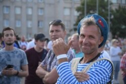 «Давайце паслухаем мяне! Толькі што сказалі, што народ Беларусі запалохваць, падыміце рукі, каму пагражалі звальненьнем», – кажа ён. Людзі Крычаць у адказ «Верым! Можам! Пераможам!» і «Сыходзь!»
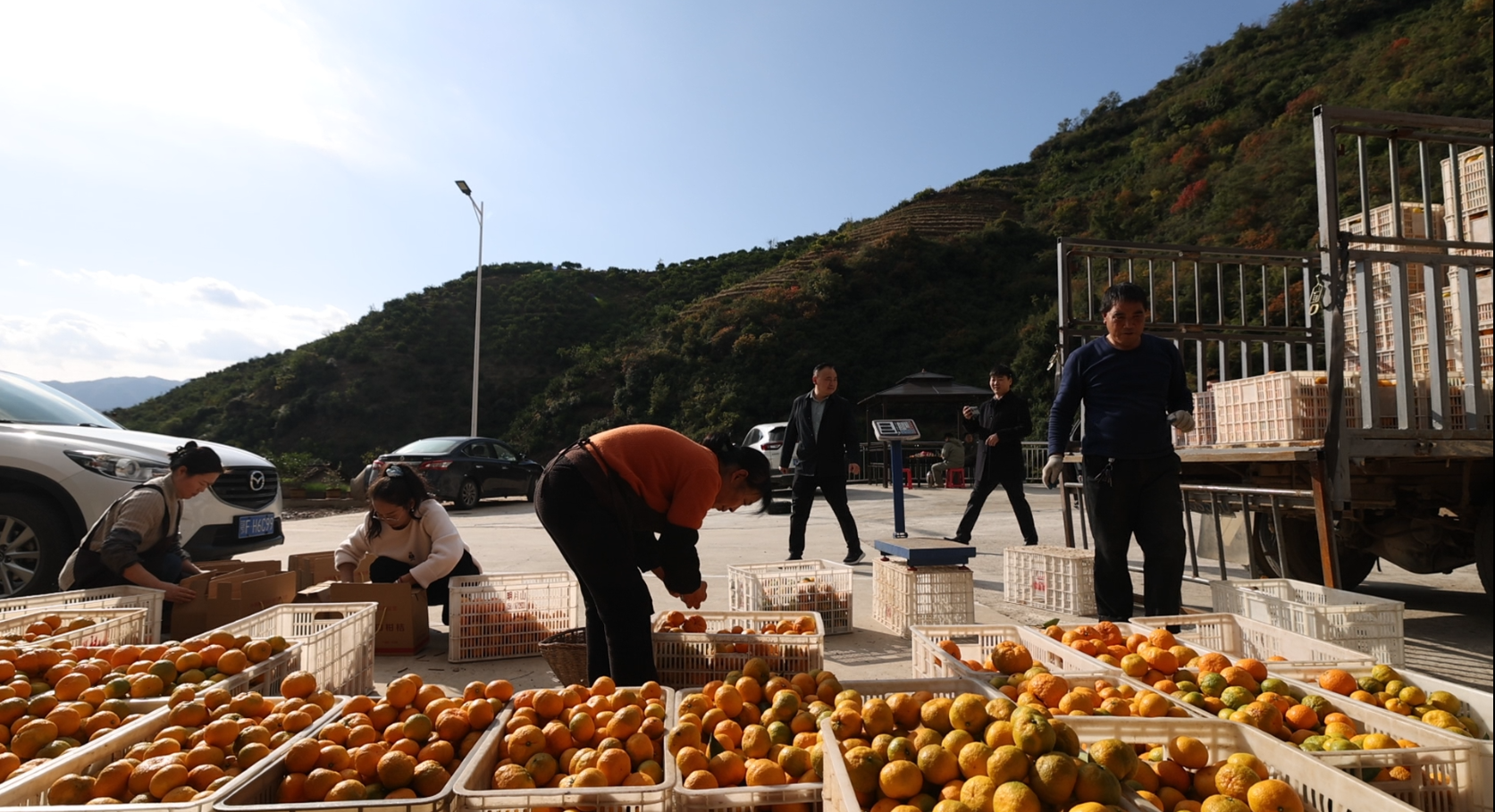“咱们这里三面环山,日照充足、雨量充沛,特别适合柑橘生长。”正在忙着帮果农对接客商的襄阳市南漳县巡检镇峡口社区党委书记张三中对记者说:“现在本地人可不好找,你们在镇上能看见的大多是外地客商,本地的男女老少有一个算一个都在山上摘果子哩!”
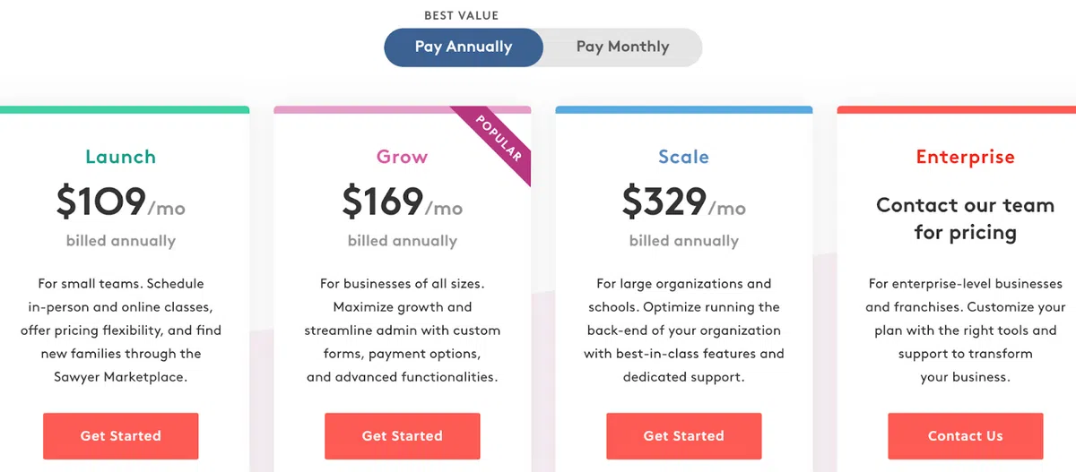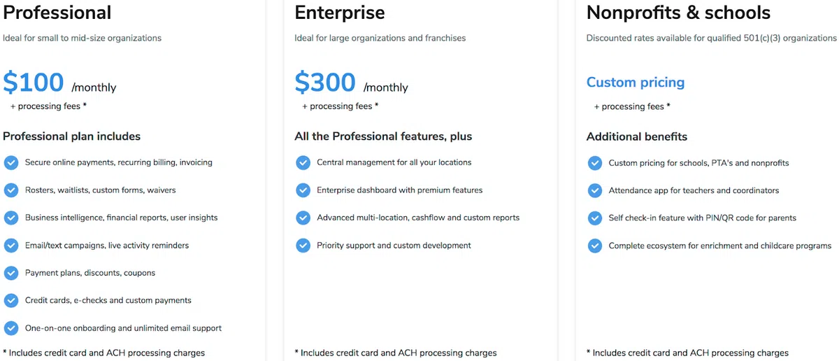 Pricing begins at $100 for the Professional plan, which includes many of the essential features for student registration and payment collection and is best suited for small to mid-sized businesses.
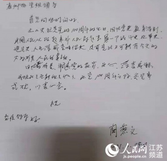 6月25日下午,江蘇省科協黨組書記、副主席孫春雷在省科協“七一”表彰大會上宣讀了這份來信,鼓勵青年黨員牢記入黨初心,向老一輩共產黨員致敬。
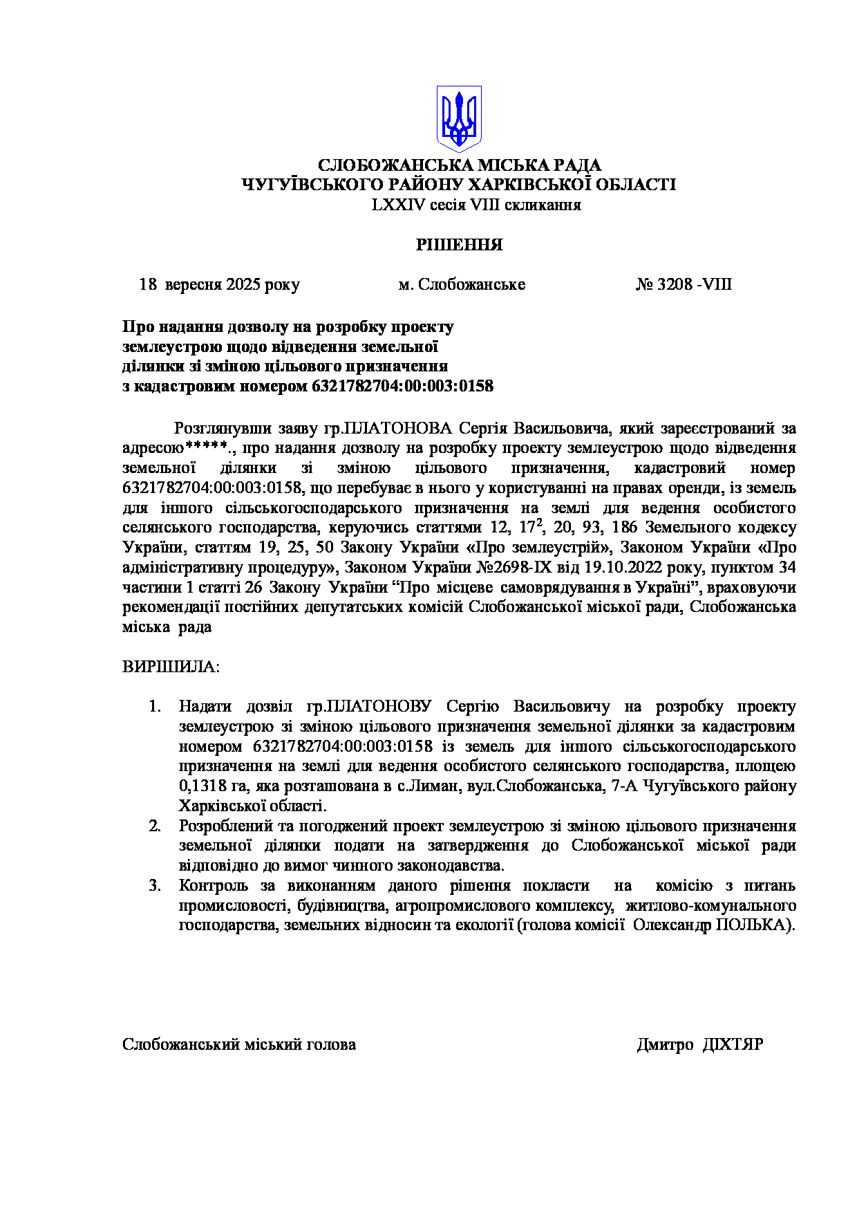 Текст рішення сесії №3208 Про надання дозволу на розробку проекту землеустрою щодо відведення земельної ділянки зі зміною цільового призначення з кадастровим номером 6321782704:00:003:0158.
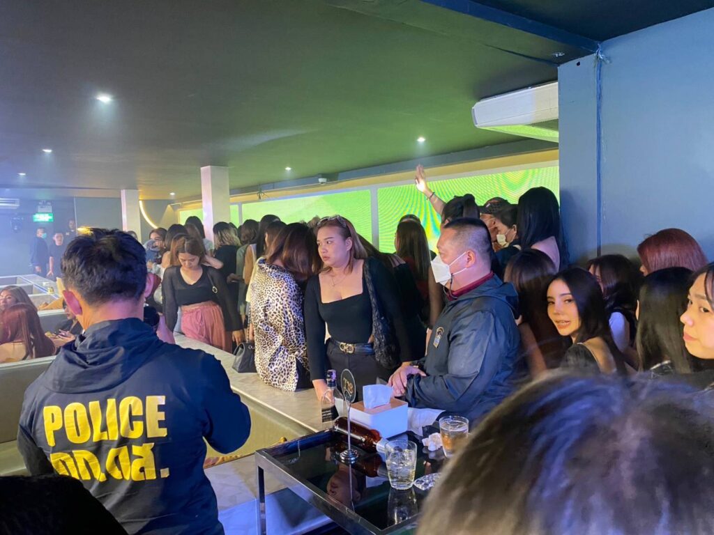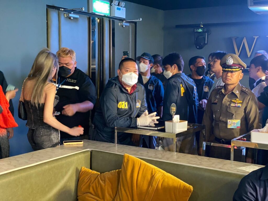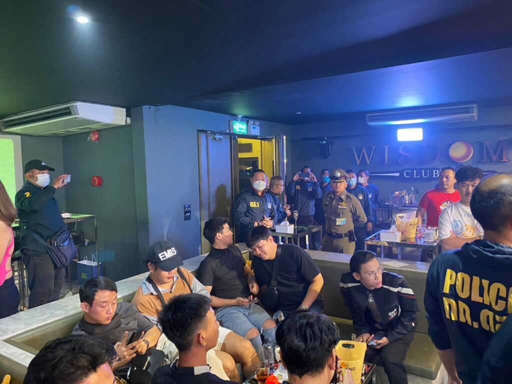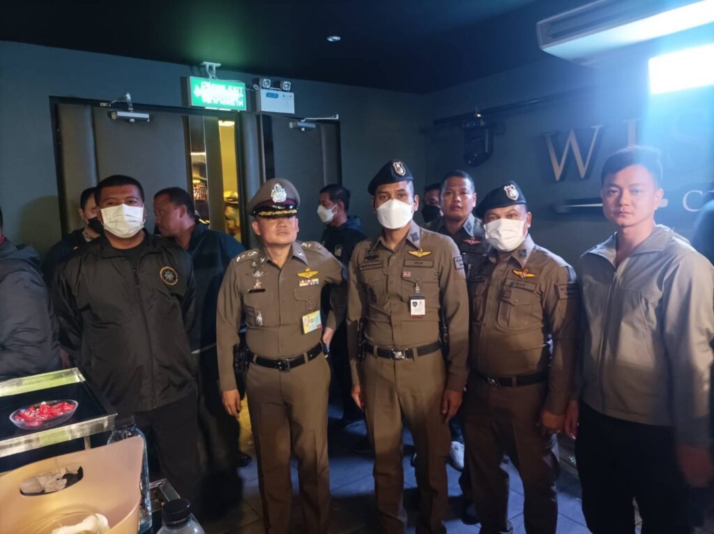 ต่อมาเวลา 03.00 น. เจ้าหน้าที่ตำรวจชุดจับกุมได้เข้าทำการตรวจค้นสถานบริการเลขที่ 150/1 ซ.ลาดพร้าว 122 แขวงพลับพลา เขตวังทองหลาง กรุงเทพฯ ผลการตรวจค้นพบประชาชนและนักท่องเที่ยวกำลังใช้บริการอยู่เป็นจำนวนมากมีเครื่องดื่มแอลกอฮอล์ตามโต๊ะต่างๆ จึงได้ทำการตรวจสอบสารเสพติดในร่างกายนักท่องเที่ยวและพนักงานในร้านทั้งหมด 216 ราย แบ่งเป็น ชาย 150 ราย หญิง 66 รายไม่พบสารเสพติดแต่อย่างใด
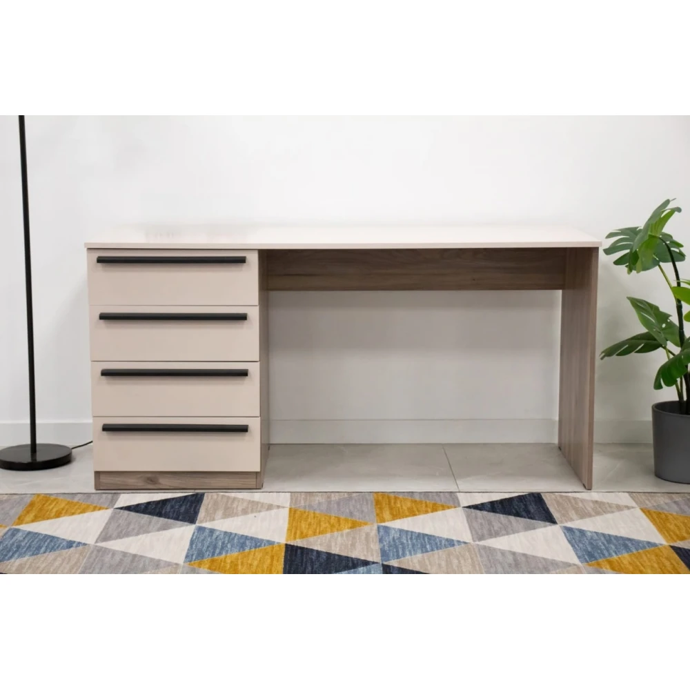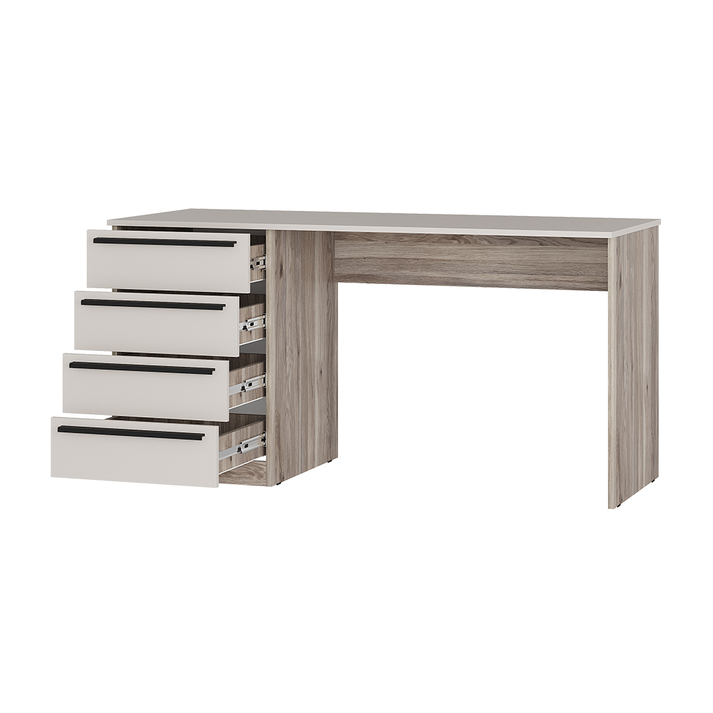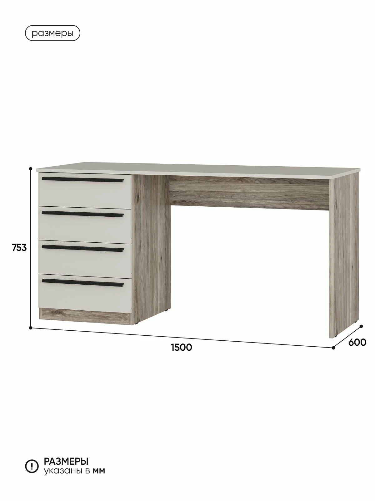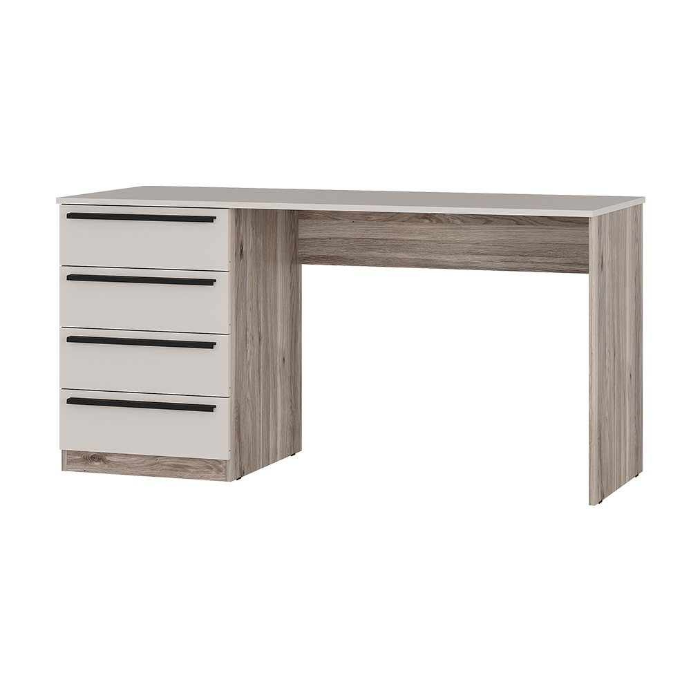Письменный стол "Урбан" – это стильный и практичный вариант для Вашего кабинета либо детской комнаты. Модуль включает в себя четыре выдвижных ящика на шариковых направляющих и широкую столешницу, что позволит создать комфортное рабочее место. Минималистичное цветовое сочетание "Дуб Смоки" и "Кашемир" добавят пространству спокойствия и тепла. В качестве дополнительного пространства для хранения можно использовать вместительные ящики с эргономичными пластиковыми накладными ручками черного цвета (430 мм).
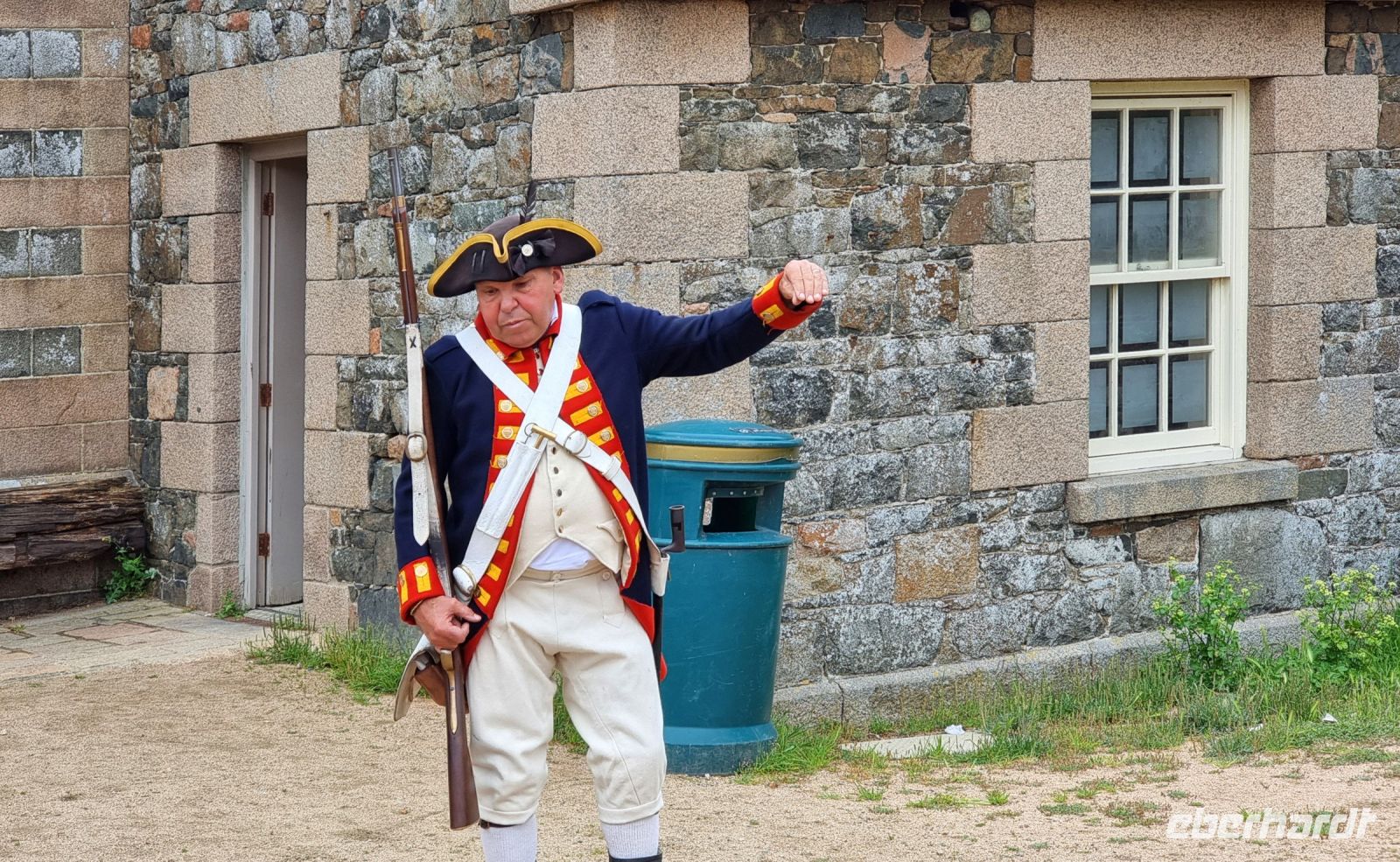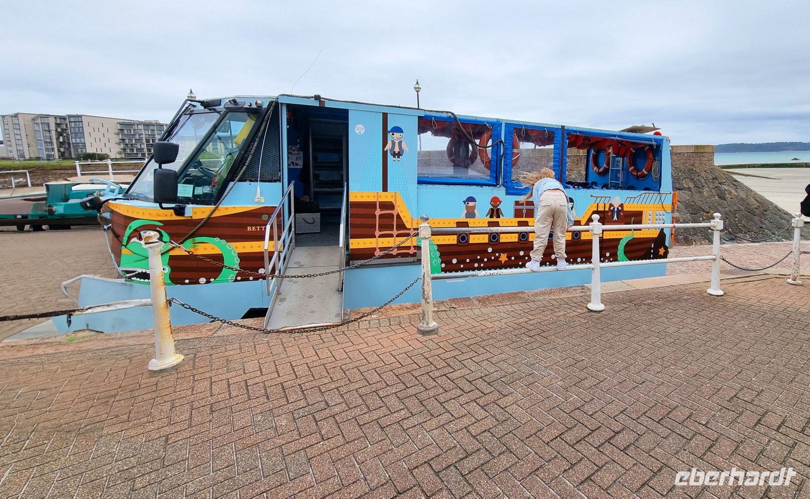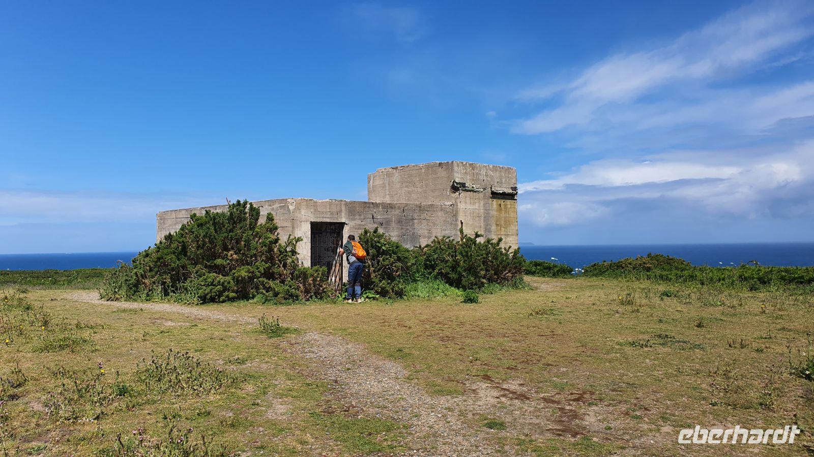Am Nachmittag fuhren wir mit dem Amphibienfahrzeug Puddleduck zur Gezeiteninsel vor St. Helier, auf die das Elizabeth Castle gebaut ist. Die Überfahrt dauert etwa 15 Minuten und unternahmen einen kleinen Rundgang über das weitläufige Areal der Burg. Auch den Master Gunner, einen kostümierten Soldaten, konnten wir beim Vorführen seines Gewehrs und beim Kanonenschuss erleben. Die Einsiedlerfelsen des Heiligen St. Helier, nach welchem die Hauptstadt der Insel benannt ist, konnten wir sehen und uns einen kleinen Film über die Geschichte der Burg im Gouverneurshaus ansehen. Auch auf Elizabeth Castle sieht man übrigens noch Bunkeranlagen aus der Deutschen Besatzungszeit. Mit dem Puddleduck ging es zurück an Land und wir wanderten um den South Hill unterhalb von Fort Regent zurück zum Hotel.

▸ Task brief: The answer must be the lines above from the one containing "6月25日下午,江蘇省科協黨" through the one containing "Текст рішення сесії", reproduced exactly, with no pictures and nothing else.

▸ Exercise solution:
 6月25日下午,江蘇省科協黨組書記、副主席孫春雷在省科協“七一”表彰大會上宣讀了這份來信,鼓勵青年黨員牢記入黨初心,向老一輩共產黨員致敬。
 Текст рішення сесії №3208 Про надання дозволу на розробку проекту землеустрою щодо відведення земельної ділянки зі зміною цільового призначення з кадастровим номером 6321782704:00:003:0158.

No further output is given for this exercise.